__Work required__. Print exactly the lines from the one that contains "Những cánh đồng" through the final line of the entries below, both included, and nothing else; omit the pictures.

[Data for analysis Boundary: Start]

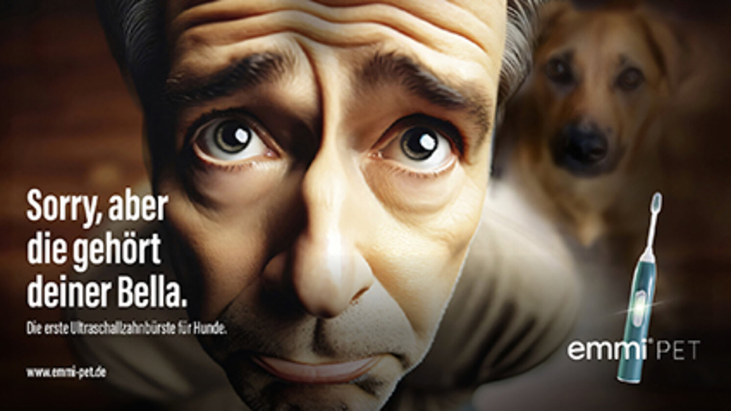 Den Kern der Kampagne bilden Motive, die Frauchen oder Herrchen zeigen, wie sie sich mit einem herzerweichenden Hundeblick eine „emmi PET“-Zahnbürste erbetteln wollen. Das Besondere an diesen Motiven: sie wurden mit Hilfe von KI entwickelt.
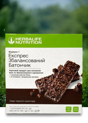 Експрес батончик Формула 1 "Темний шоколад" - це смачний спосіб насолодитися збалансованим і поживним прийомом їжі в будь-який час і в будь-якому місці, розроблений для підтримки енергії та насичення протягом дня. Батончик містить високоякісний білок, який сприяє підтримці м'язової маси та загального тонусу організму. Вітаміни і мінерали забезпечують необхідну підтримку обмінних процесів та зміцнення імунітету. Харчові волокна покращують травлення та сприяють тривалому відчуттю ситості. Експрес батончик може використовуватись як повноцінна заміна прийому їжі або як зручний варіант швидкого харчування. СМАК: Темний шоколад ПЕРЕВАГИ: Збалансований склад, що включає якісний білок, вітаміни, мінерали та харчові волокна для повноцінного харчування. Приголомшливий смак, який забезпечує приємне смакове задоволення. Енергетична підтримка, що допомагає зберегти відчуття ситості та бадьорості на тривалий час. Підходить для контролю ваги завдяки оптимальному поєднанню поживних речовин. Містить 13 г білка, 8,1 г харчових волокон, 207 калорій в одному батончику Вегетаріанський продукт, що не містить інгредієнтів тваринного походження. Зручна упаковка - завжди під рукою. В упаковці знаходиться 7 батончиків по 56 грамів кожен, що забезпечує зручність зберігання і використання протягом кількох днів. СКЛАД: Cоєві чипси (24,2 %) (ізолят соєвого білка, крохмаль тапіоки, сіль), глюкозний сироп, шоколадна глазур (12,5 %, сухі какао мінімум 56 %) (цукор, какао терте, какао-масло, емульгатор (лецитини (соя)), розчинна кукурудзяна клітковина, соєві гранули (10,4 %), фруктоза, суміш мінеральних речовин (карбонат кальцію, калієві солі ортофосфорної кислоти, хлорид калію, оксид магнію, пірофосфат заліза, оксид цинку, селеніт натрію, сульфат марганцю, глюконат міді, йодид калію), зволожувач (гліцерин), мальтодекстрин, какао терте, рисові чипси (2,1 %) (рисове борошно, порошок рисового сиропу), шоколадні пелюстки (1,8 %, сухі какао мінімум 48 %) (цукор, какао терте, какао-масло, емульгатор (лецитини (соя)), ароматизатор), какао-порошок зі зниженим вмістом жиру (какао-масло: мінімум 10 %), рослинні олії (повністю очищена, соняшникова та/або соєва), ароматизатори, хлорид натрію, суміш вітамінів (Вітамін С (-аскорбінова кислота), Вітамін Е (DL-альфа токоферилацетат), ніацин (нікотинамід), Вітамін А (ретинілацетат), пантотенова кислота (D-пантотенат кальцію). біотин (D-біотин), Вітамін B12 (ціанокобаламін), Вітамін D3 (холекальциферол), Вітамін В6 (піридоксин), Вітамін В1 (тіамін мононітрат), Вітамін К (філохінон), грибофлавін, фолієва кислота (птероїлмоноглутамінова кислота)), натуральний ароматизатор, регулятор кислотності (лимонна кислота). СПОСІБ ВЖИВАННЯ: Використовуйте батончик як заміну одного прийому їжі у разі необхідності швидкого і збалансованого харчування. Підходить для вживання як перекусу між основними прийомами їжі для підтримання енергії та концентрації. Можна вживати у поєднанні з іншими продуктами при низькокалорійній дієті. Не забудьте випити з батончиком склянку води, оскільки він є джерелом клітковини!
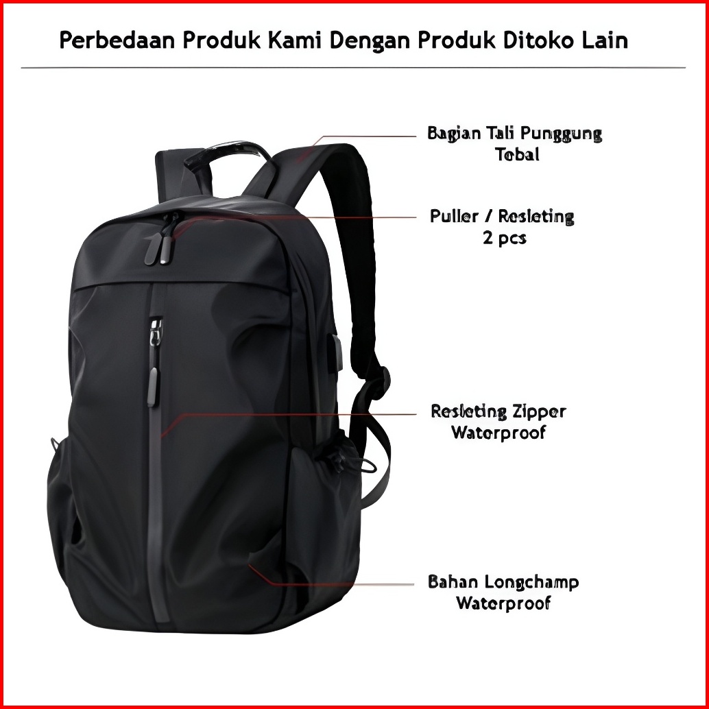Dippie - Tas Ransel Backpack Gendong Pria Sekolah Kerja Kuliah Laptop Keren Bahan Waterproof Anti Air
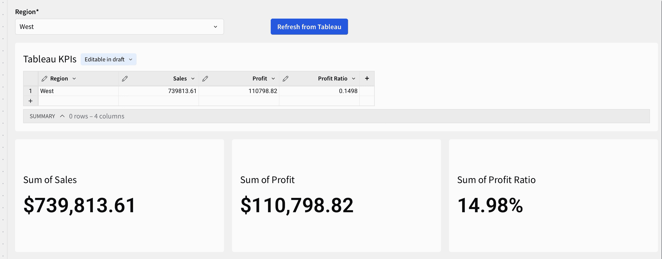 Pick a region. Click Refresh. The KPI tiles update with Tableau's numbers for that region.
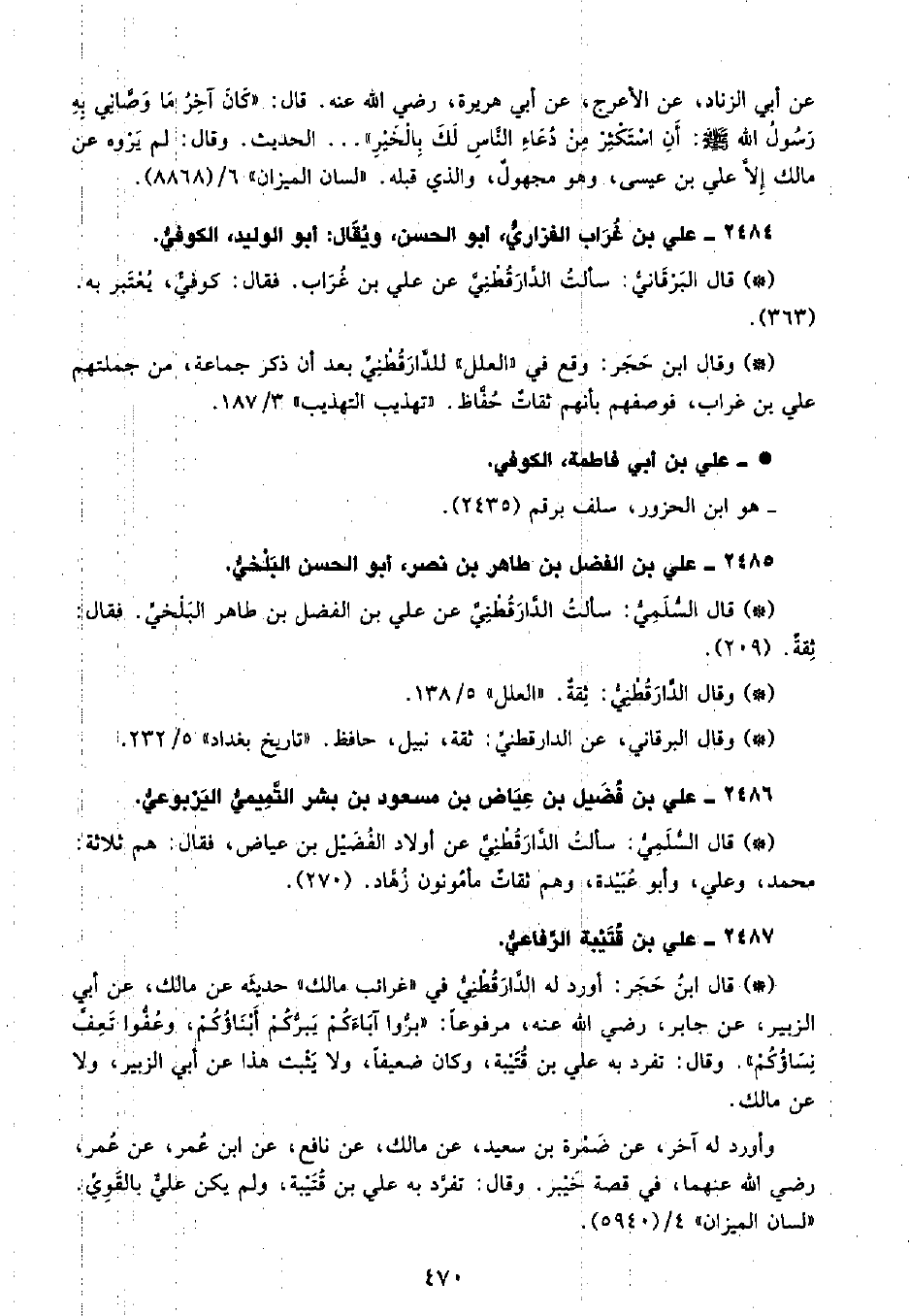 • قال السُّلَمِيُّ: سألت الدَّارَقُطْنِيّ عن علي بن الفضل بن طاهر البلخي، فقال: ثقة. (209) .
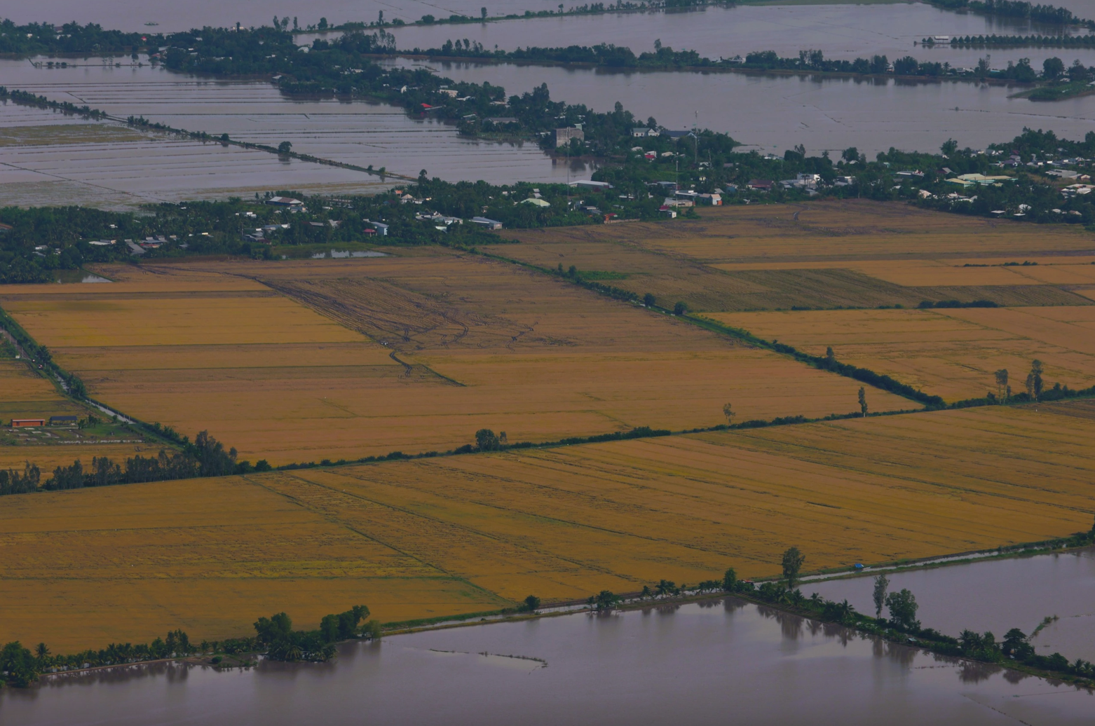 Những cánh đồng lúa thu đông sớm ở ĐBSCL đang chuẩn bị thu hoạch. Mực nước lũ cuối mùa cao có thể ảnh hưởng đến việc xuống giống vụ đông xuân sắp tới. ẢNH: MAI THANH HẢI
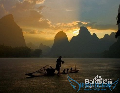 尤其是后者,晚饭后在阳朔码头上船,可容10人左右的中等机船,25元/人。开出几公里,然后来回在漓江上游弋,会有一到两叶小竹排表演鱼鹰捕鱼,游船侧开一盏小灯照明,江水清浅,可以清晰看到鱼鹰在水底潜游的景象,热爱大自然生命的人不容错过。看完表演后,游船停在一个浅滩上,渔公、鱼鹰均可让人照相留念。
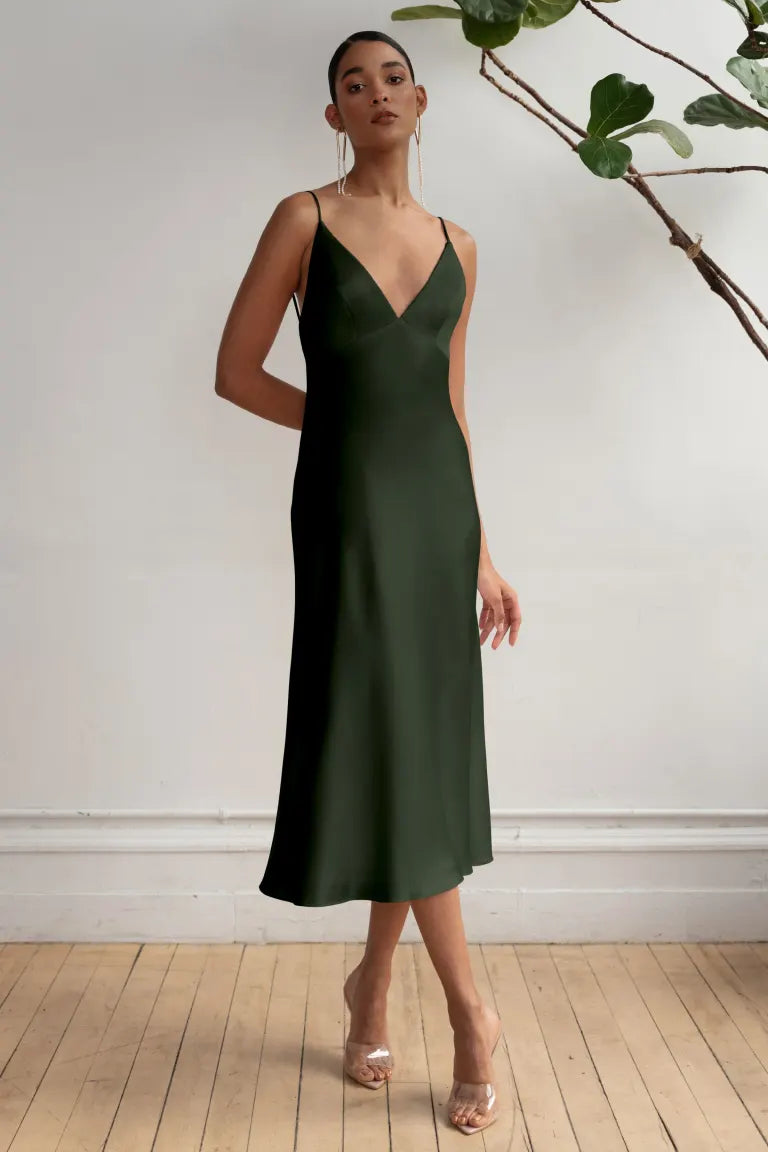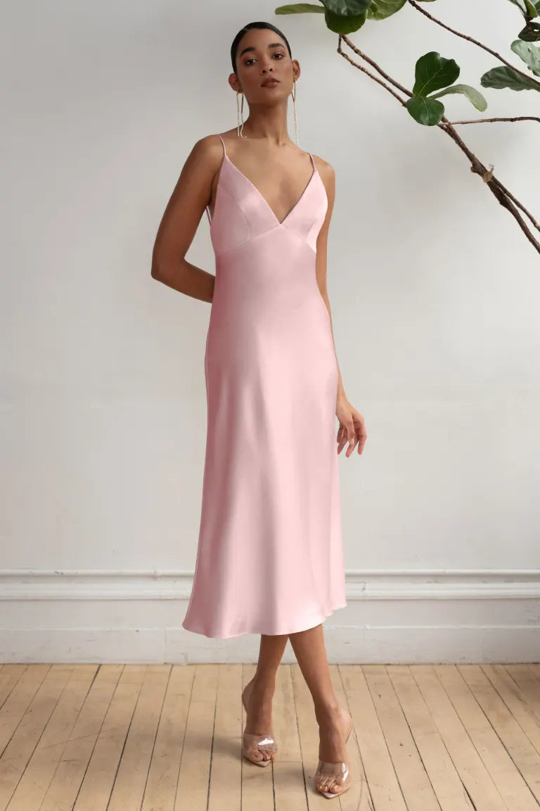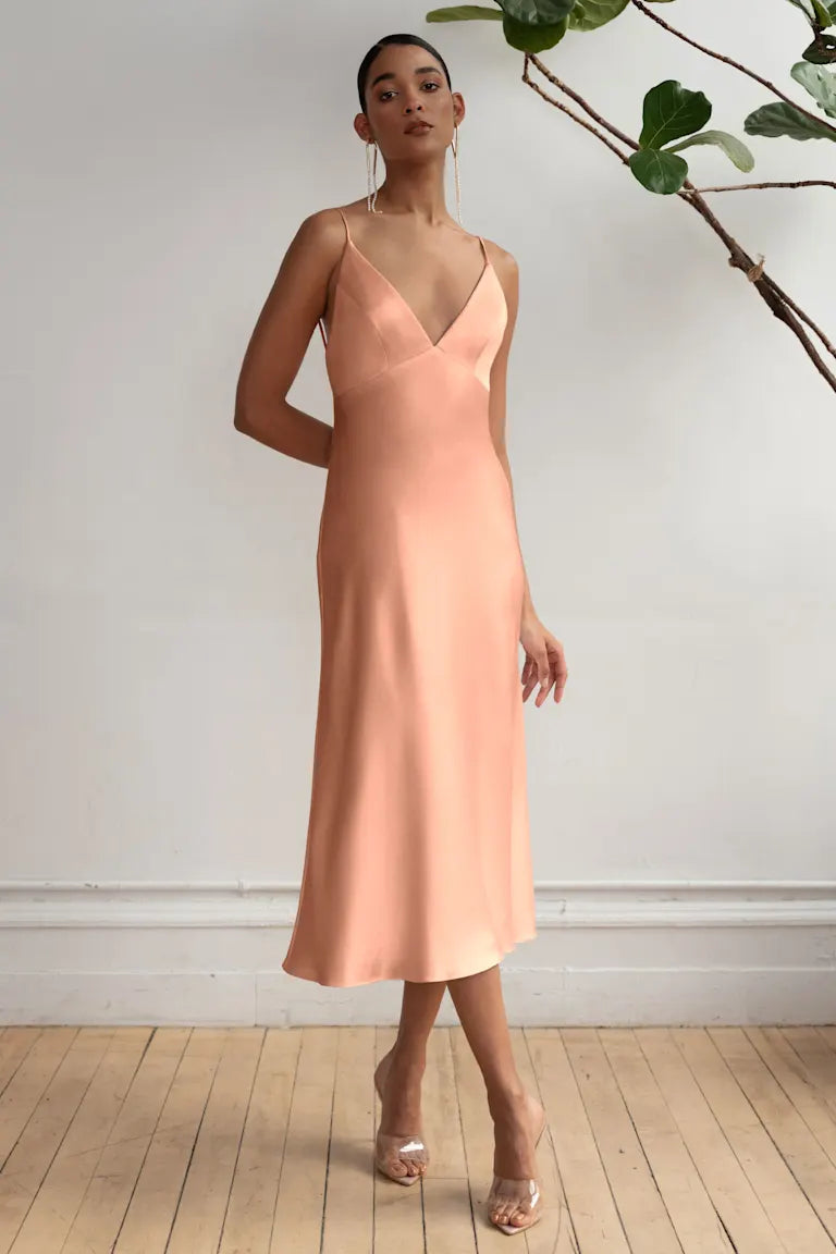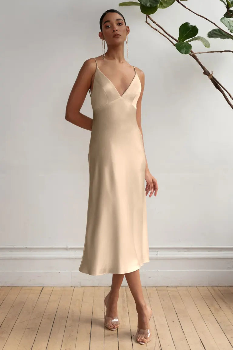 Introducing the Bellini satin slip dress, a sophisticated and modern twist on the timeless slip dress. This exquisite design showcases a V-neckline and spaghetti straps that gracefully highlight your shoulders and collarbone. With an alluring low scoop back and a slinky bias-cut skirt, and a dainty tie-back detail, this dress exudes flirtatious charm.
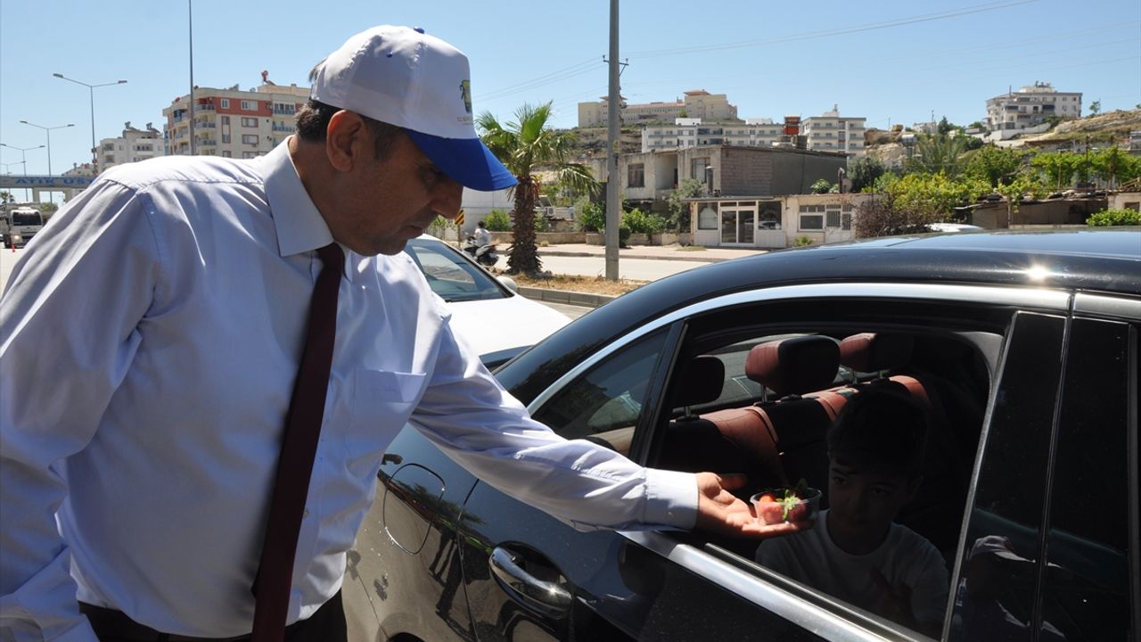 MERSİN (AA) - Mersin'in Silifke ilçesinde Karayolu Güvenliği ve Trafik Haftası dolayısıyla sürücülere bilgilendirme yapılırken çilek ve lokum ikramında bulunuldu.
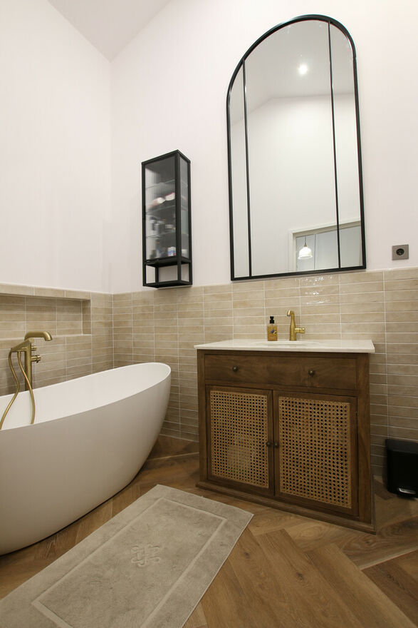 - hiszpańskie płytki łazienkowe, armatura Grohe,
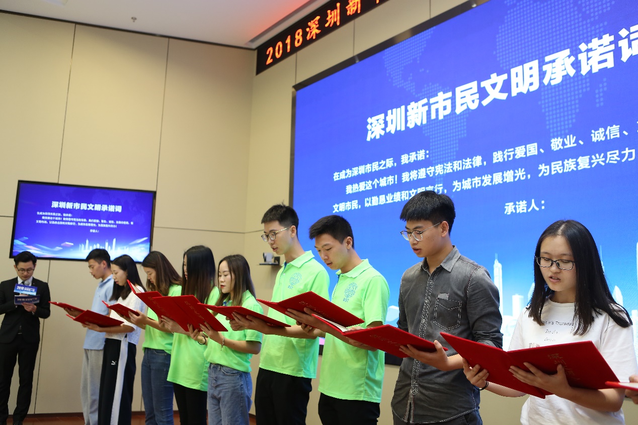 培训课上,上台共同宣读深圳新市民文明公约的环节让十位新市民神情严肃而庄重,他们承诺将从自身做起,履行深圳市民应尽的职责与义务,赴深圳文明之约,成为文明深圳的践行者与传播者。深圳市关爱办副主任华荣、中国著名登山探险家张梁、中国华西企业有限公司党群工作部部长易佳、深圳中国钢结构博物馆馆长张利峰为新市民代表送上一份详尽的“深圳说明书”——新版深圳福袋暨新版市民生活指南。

[Data for analysis Boundary: End]

__Answer section__.
 Những cánh đồng lúa thu đông sớm ở ĐBSCL đang chuẩn bị thu hoạch. Mực nước lũ cuối mùa cao có thể ảnh hưởng đến việc xuống giống vụ đông xuân sắp tới. ẢNH: MAI THANH HẢI
 尤其是后者,晚饭后在阳朔码头上船,可容10人左右的中等机船,25元/人。开出几公里,然后来回在漓江上游弋,会有一到两叶小竹排表演鱼鹰捕鱼,游船侧开一盏小灯照明,江水清浅,可以清晰看到鱼鹰在水底潜游的景象,热爱大自然生命的人不容错过。看完表演后,游船停在一个浅滩上,渔公、鱼鹰均可让人照相留念。
 Introducing the Bellini satin slip dress, a sophisticated and modern twist on the timeless slip dress. This exquisite design showcases a V-neckline and spaghetti straps that gracefully highlight your shoulders and collarbone. With an alluring low scoop back and a slinky bias-cut skirt, and a dainty tie-back detail, this dress exudes flirtatious charm.
 MERSİN (AA) - Mersin'in Silifke ilçesinde Karayolu Güvenliği ve Trafik Haftası dolayısıyla sürücülere bilgilendirme yapılırken çilek ve lokum ikramında bulunuldu.
 - hiszpańskie płytki łazienkowe, armatura Grohe,
 培训课上,上台共同宣读深圳新市民文明公约的环节让十位新市民神情严肃而庄重,他们承诺将从自身做起,履行深圳市民应尽的职责与义务,赴深圳文明之约,成为文明深圳的践行者与传播者。深圳市关爱办副主任华荣、中国著名登山探险家张梁、中国华西企业有限公司党群工作部部长易佳、深圳中国钢结构博物馆馆长张利峰为新市民代表送上一份详尽的“深圳说明书”——新版深圳福袋暨新版市民生活指南。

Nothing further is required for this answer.